Kini setelah lebih dari 650 tahun telah berkembang menjadi daerah modern, yang heterogen. Menjadi kota metropolitan besar, yang berstatus sebagai ibukota provinsi Jawa Timur. Meski demikian, Surabaya tetap menjaga keasliannya, bagai sebuah peribahasa Jawa “kacang gak ninggal lanjaran”, yang memiliki arti bahwa perilaku, sifat, atau kebiasaan anak tidak jauh berbeda dengan orang tuanya, atau dalam bahasa Indonesia sering dianalogikan dengan peribahasa “buah jatuh tidak jauh dari pohonnya”.
Sifat ini tentu harus ada yang menjaga. Jika tidak, maka “anak akan lupa terhadap orang tua”.
Literasi Aksara Jawa Telah Lama Ada di Surabaya

Bahwa tradisi literasi Surabaya adalah bahasa dan aksara Jawa, termasuk aksara Pegon dalam bahasa Jawa. Pegon adalah aksara Arab (Hijaiyah) yang dimodifikasi untuk menuliskan bahasa daerah, seperti bahasa Jawa, Sunda, atau Melayu, yang kemudian dikenal juga sebagai aksara gundul atau Arab gundul atau Pego.

Langka
Diakui bahwa penggunaan dan penulisan aksara tradisional dewasa ini, seperti aksara Jawa, semakin langka karena beberapa faktor, termasuk kurangnya pengajaran di sekolah, kesulitan dalam penulisan sehari-hari dibandingkan aksara Latin, dan persaingan dengan bahasa Inggris sebagai bahasa internasional.
Penulisan aksara tradisional adalah ingatan kolektif karena pada masa lalu masyarakat Nusantara menggunakan praktik praktik penulisan aksara daerah.

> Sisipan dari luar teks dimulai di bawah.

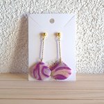 Boucles d’oreilles artisanales composées d’un pendentif en pâte polymère marbrée violet/blanc avec touches scintillantes, protégé par une fine couche de résine pour un bel éclat et une meilleure durabilité, monté sur chaîne rigide torsadée et clou doré en acier inoxydable, sans nickel et pensées pour un port quotidien confortable.
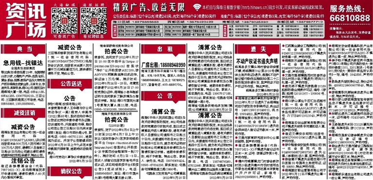 受委托,我司定于2022年5月27日上午10点在中拍平台(https://paimai.caa123.org.cn)按现状“净价”公开拍卖琼AKC100、琼AHV979两辆旧机动车,保证金1万元/辆。展示时间:2022年5月24~25日。有意竞买者请于2022年5月26日17:00前凭身份证件、海南省小客车指标证明与我司联系了解详情及办理竞买手续。地址:海口市国贸大道1号景瑞大厦A座21层,电话:0898-31302088、15008983855。
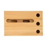 Elevate your space with the eco-conscious, multipurpose Allegra Phone Holder Amplifier crafted from 100% natural bamboo. This beautifully designed piece not only holds your phone and amplifies its sound, it also features three dedicated pen holes, making it a practical addition to any work or leisure space. Its smooth finish offers a touch of elegance, and the sustainable bamboo construction provides durability and a natural look. Perfect for hands-free viewing, it brings an organized, minimalist vibe to your desk, countertop, or vanity, all while naturally amplifying your favorite tunes. Its 3 3/8″ x 1/2″ Phone slot fits most standard size phones. Complies with Prop 65. 4 5/8″ W x 1 1/4″ H x 3″ D
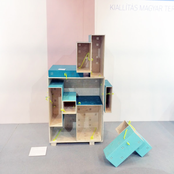 Még mindig a Magyar Design standnál maradva… Novák Gergely (MOME Design Intézet, Formatervező Tanszék) Arnold konceptuális tárolóbútora szerintem zseniális ötlet. Az egyedileg összeválogatott elemekből kötél segítségével mindenki maga építheti meg a számára ideális tárolóbútort.
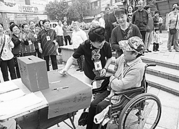 | 重庆各界市民自发在街头巷尾设立抗灾募捐点,图为70多岁的重庆市民张大妈在现场捐款。
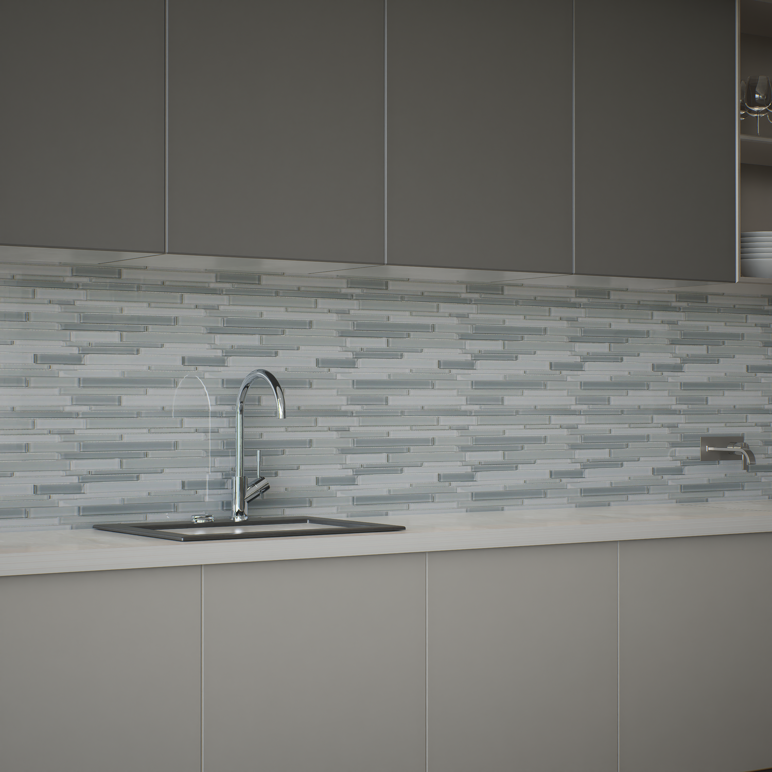 Element Grey Random Strip Glossy Glass Mosaic - Piece is backordered and will ship as soon as it is back in stock.
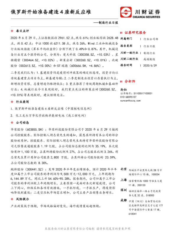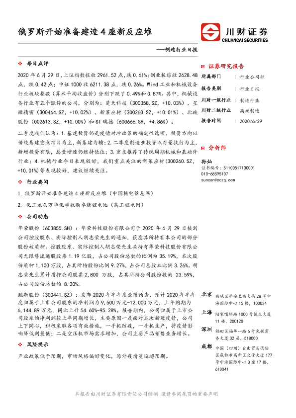【川财证券】【20200629】制造行业日报:俄罗斯开始准备建造4座新反应堆-2页
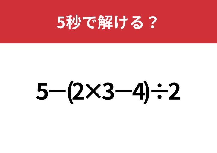 大人でも解けない人が多いかも!?「5−(2×3−4)÷2」5秒で解ける?
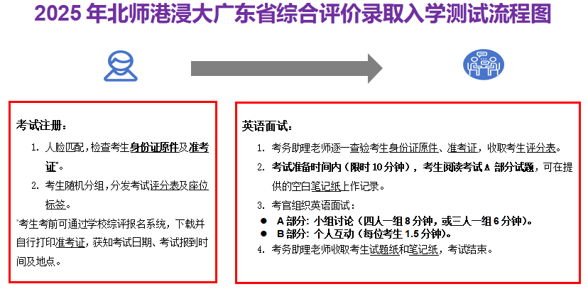 二、考生指引 1. 考试注册:考生须持本人有效身份证原件和准考证,按准考证注明的报到时间、地点进行考试报到。准考证可于6月5日14:00起在北师港浸大广东省综合评价报名系统下载,考生须提前自行打印(A4纸黑白、彩色打印均可;准考证正、反面不能涂改、书写或做任何标记;有涂改、书写或标记的准考证不得带入考场,否则将按考试作弊处理)。2025年北师港浸大广东省综合评价录取入学测试流程图见附件一。请考生按指定的报到时间及地点参加考试,逾时不候。 考生须持有效身份证原件和准考证入场,无需携带任何考试文具。考生不得携带手机或其他电子设备(如无线耳机、智能手表、运动手环、智能眼镜、电子存储记忆录放设备等)进入考场。考生完成整个考试流程预计约2个小时。请考生提前检查身份证的有效期限并妥善保管,电子身份证、护照、驾照、医保卡、户口簿等均不能作为入场身份凭证。如未持有有效身份证原件,则取消考试资格。 入场时学校将采用人脸识别技术核验考生身份,入场后注册课室老师将检查考生身份证原件和准考证。考生将被随机分组,每组4人或3人,分发考试评分表及考试座位标签(A、B、C或D)。 注册课室老师播放考试准备和英语面试演示视频。 2. 英语面试:考试开始前,考生被引导至考试课室。考生入考场前须将书包等物品放于指定位置。考试课室分为考试准备区及正式考试区。考试课室有2名考官和1名考务助理老师。 考试为全英文面试,包括A、B两部分内容: A部分 小组讨论(四人一组8分钟,或三人一组6分钟)。要求考生首先逐一针对A部分试题内容进行1分钟个人陈述,随后针对A部分试题指定的小组讨论话题进行小组讨论。期间考生不允许做笔记,但可以参考笔记纸和桌上的A部分试题。 B部分 个人互动(每位考生1.5分钟)。每位考生回答一个与小组讨论主题相关的问题。如果有必要,考生可以参考笔记纸,但不允许做笔记。B部分考试结束后,考生方可离开考试课室。考生不得将试题及笔记纸带出考场,离开考场后不准在考场附近逗留、交谈或者实施其他影响考场秩序的行为。 考试准备:考务助理老师在考场外检查考生有效身份证原件和准考证,收取考生评分表。考生根据分配的座位标签先在考试准备区就座,考官宣读考试要求。考生按考试指令在10分钟内阅读课桌上考试A部分的试题。考生可在提供的空白笔记纸上做笔记。笔及空白笔记纸由学校统一提供,考生无需自带考试文具。 正式考试:考试准备结束后,考生携带笔记纸和A部分试题根据座位标签就坐于正式考试区,考试随即开始。考生前来学校参加考试前,请预先仔细阅读附件二“考生须知(Instructions for Candidates)”。学校入学测试将对学生的语言流利度、沟通策略、逻辑思维、团队合作和组织能力等方面进行全面评估,以选拔适合北师港浸大博雅教育特色和英文教学环境的学生。考试全程录音录像。 3. 考场纪律:严禁携带手机、耳机、智能手表、运动手环、智能眼镜及其他电子设备进入考场。考生对考试内容负有保密义务,不得将考试内容传播、扩散出去。考生不得查阅未经授权的资料,如字典、参考书或其他资料。禁止代考、替考、集体作弊、未经许可擅自中途离开考场、使用假身份证的行为。考生需听从考场工作人员的指示,任何违反考试规则的考生将被取消考试资格。 4. 我校不组织任何形式的入学测试培训,也从未授权任何个人或机构开展考前培训、咨询、辅导或“保过”服务,请家长和考生们谨防误导或受骗。 5. 如遇特殊不可预见情况(如台风橙色或暴雨红色预警信号),考试时间将另行通知。 6. 入学测试期间,考生如有任何问题,可以联系学校招生办:0756-3620011,3620022,3620033,3620044,3620055,3620066,3620077,3620088。 7. 交通方案: 北师港浸大校园位于广东省珠海市香洲区唐家湾金同路2000号。 学校内及校园周边道路狭窄,没有足够场地停车,请考生绿色出行。 方案一:乘坐公共交通,到达珠海后 A、 广珠城轨:可在“唐家湾站”下车,后转乘Z82路公交车到“会同南路中”对面即可到达北师港浸大校园。查询公交路线,可关注“珠海公交巴士”微信服务号,进入“公交查询”—“实时查询”。Z82路公交车运营时间6:30—21:50,每半小时一班车。 B、 公共巴士:可在珠海市内乘坐公交到达“唐家湾站”,再转乘Z82路公交车到“会同南路中”,对面即可到达北师港浸大校园。 C、学校将另外安排由唐家湾站至北师港浸大校园的接驳车,请到达的考生及家长留意现场指引。 方案二:自驾 导航地址:珠海市唐家湾金同路2000号,到达后请依照指引停放车辆。 特别提醒:北师港浸大是无烟校园,校内所有场所禁止吸烟。请考生家长配合。 考场校园地图

Kini menulis dengan menggunakan aksara daerah menjadi langka, tenggelam oleh penulisan dengan menggunakan aksara asing seperti latin dan aksara dunia lainnya.

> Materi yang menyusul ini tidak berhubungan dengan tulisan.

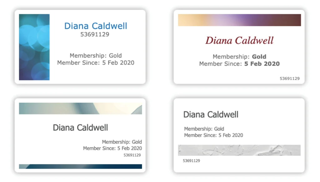 Alternatively, you can get creative and design your own membership card template from scratch! Here are some examples that we’ve created to get you inspired:
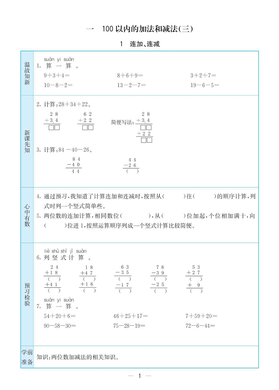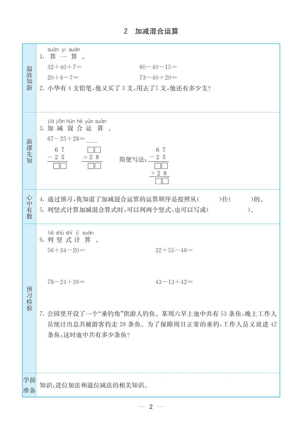 苏教版二年级上册数学预习卡(可打印)下载:
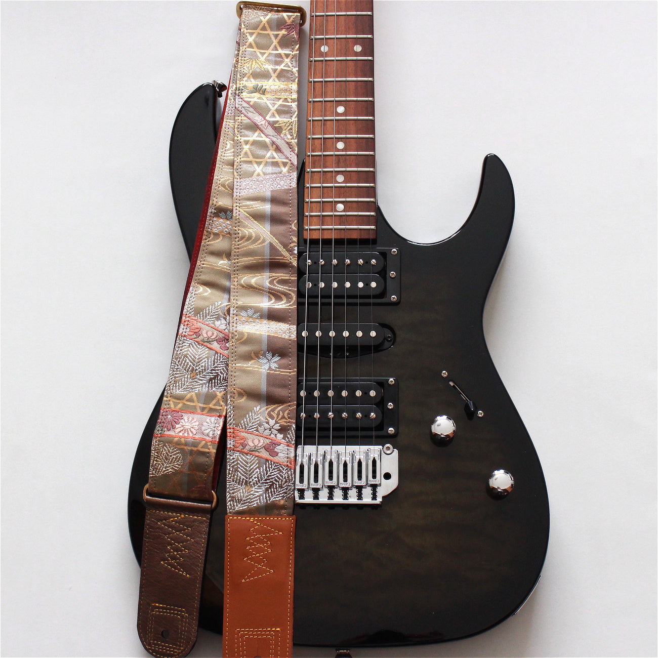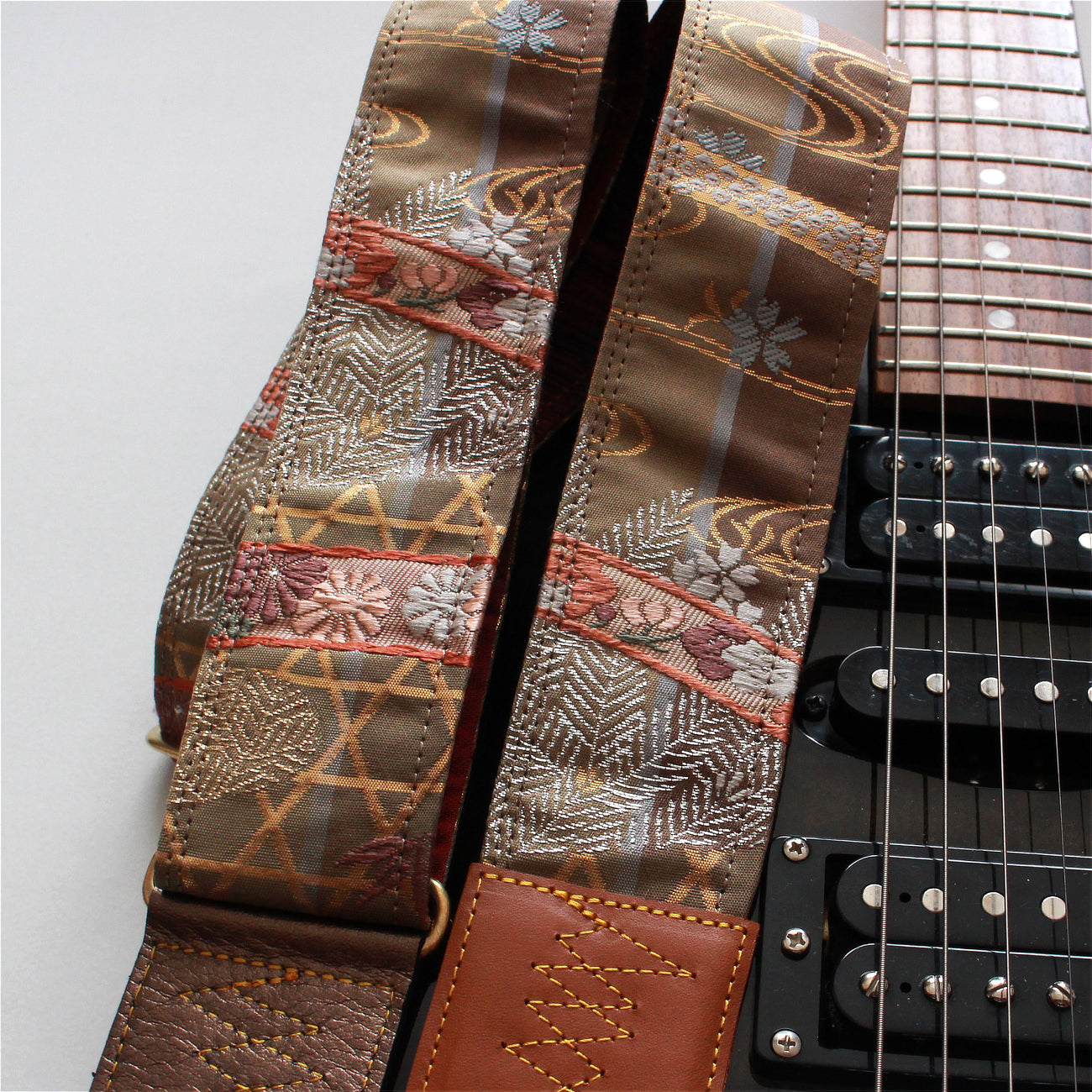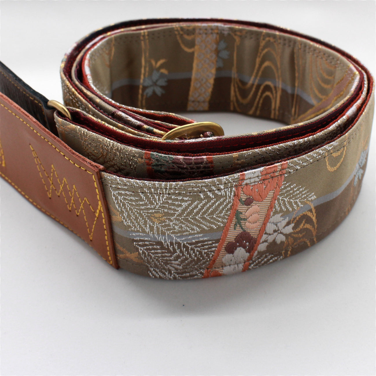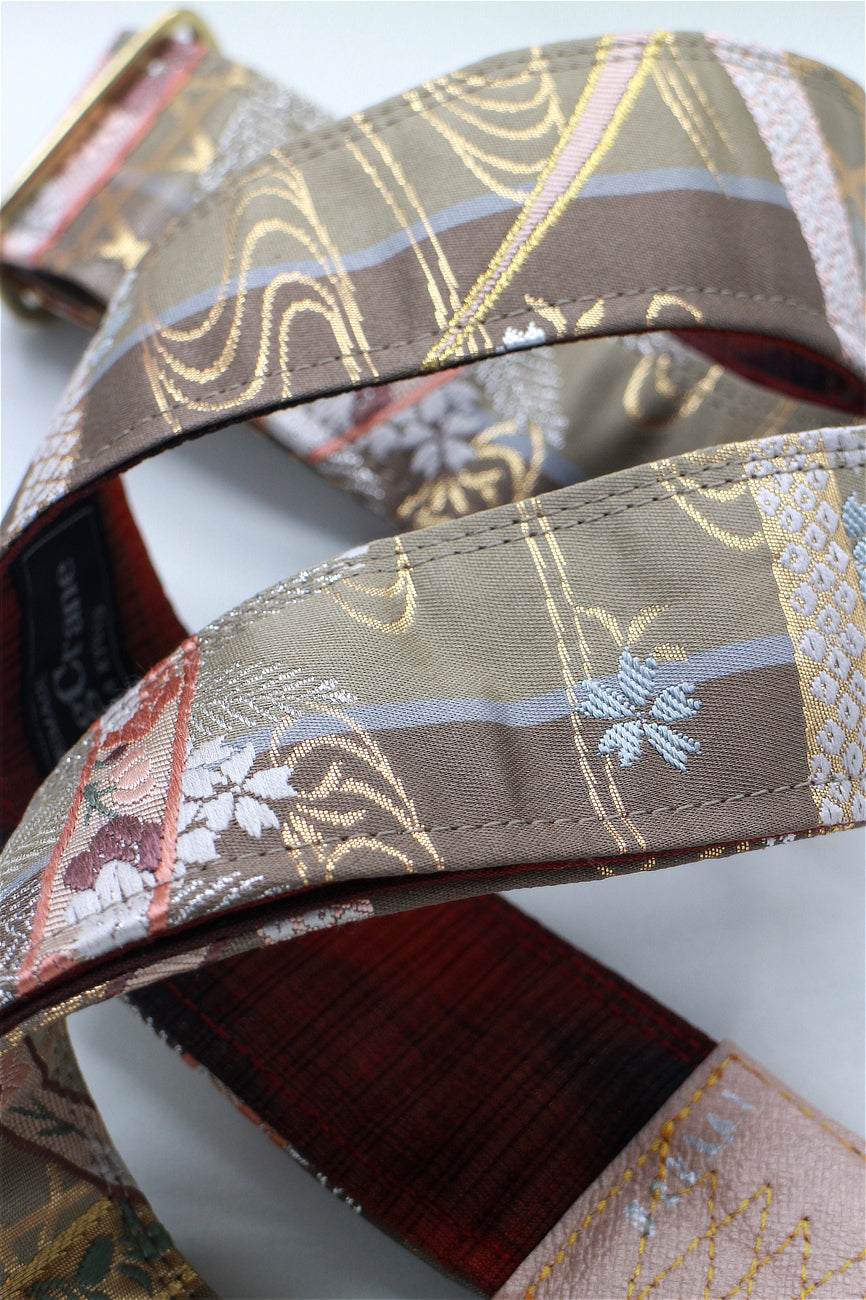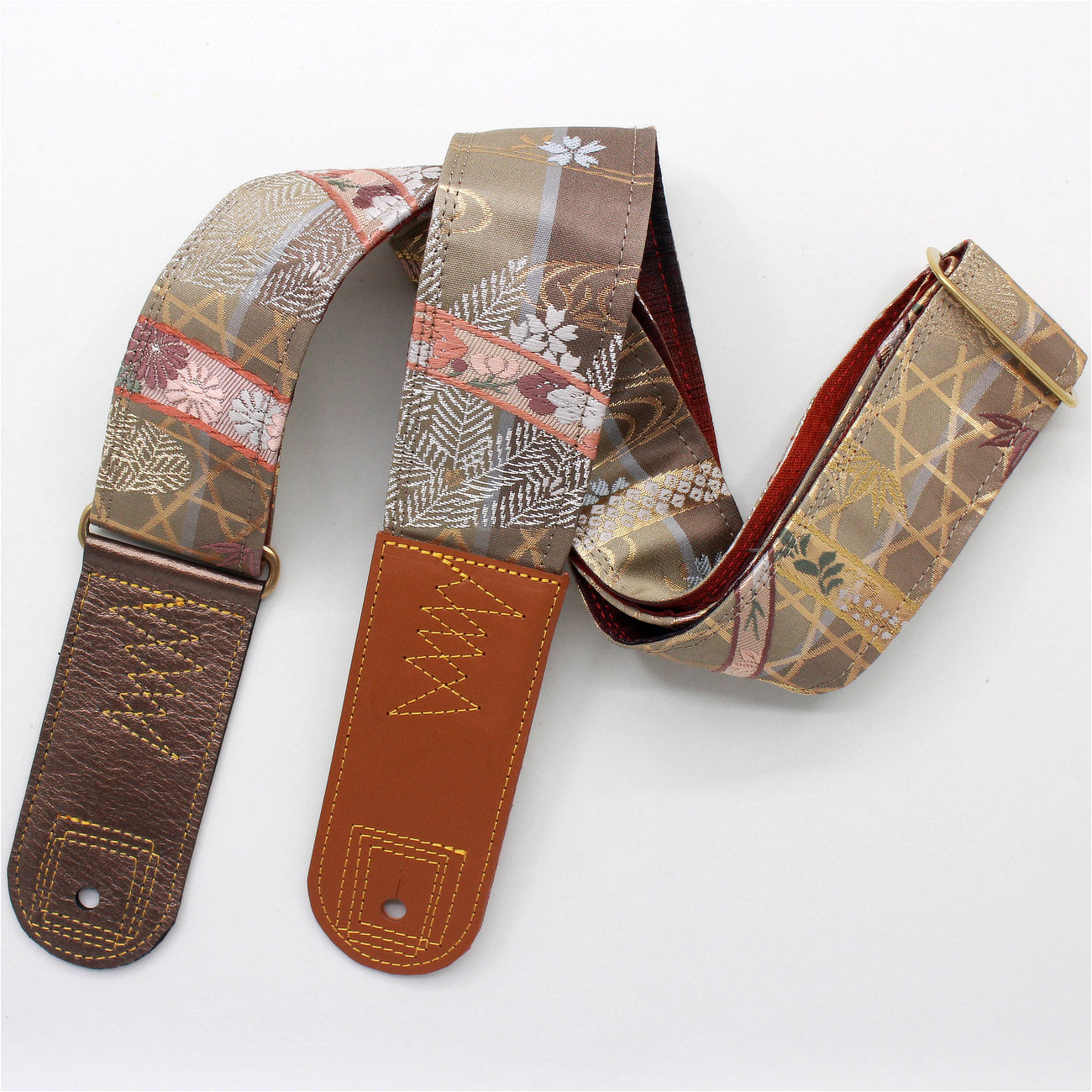 Unique and beautiful guitar strap [SC722141] - hand made in Japan from recycled silk woven kimono obi, leather and brass

Untung masih ada pihak pihak yang masih punya peduli terhadap penggunaan aksara daerah meski umumnya bersifat dekoratif. Hal itu disampaikan oleh Unicode Consortium. Oleh karenanya, hingga saat ini aksara Jawa lebih sering digunakan sebagai elemen hiasan atau simbolik daripada sebagai sistem penulisan fungsional sehari-hari.
Meskipun masih diajarkan di sekolah dan terdapat pada beberapa penanda jalan atau gedung, penggunaannya dalam kehidupan sehari-hari sangat terbatas, sehingga menyebabkan minimnya masyarakat yang mampu membaca atau menuliskannya secara utuh.
Sosialisasi
Gerakan gerakan harus diinisiasi untuk lebih mensosialisasikan penggunaannya sehari hari. Harus ada dorongan dan stimuli sebagai langkah awal. Ini harus ada intervensi pemerintah, yang bisa mengimbangi adanya geliat kesadaran masyarakat yang memang masih sangat terbatas.
Masyarakat atau komunitas harus berjalan bersama pemerintah karena aksara daerah adalah identitas bangsa. Undang undang mengamanatkan perlindungan identitas bangsa.
Perlindungan identitas bangsa di Indonesia ini diatur oleh Undang-Undang sebagaimana diamanatkan oleh Undang-Undang Nomor 5 Tahun 2017 tentang Pemajuan Kebudayaan. Meski sesungguhnya Aksara Daerah (Nusantara) sendiri secara spesifik belum termuat dalam Undang Undang.
Sekali lagi, meskipun ada undang-undang, yang mengatur tentang kebudayaan, seperti UU No. 5 Tahun 2017 tentang Pemajuan Kebudayaan, namun undang-undang tersebut belum secara eksplisit menyebutkan dan mengatur secara rinci mengenai aksara-aksara daerah Nusantara sebagai subjek hukum tersendiri.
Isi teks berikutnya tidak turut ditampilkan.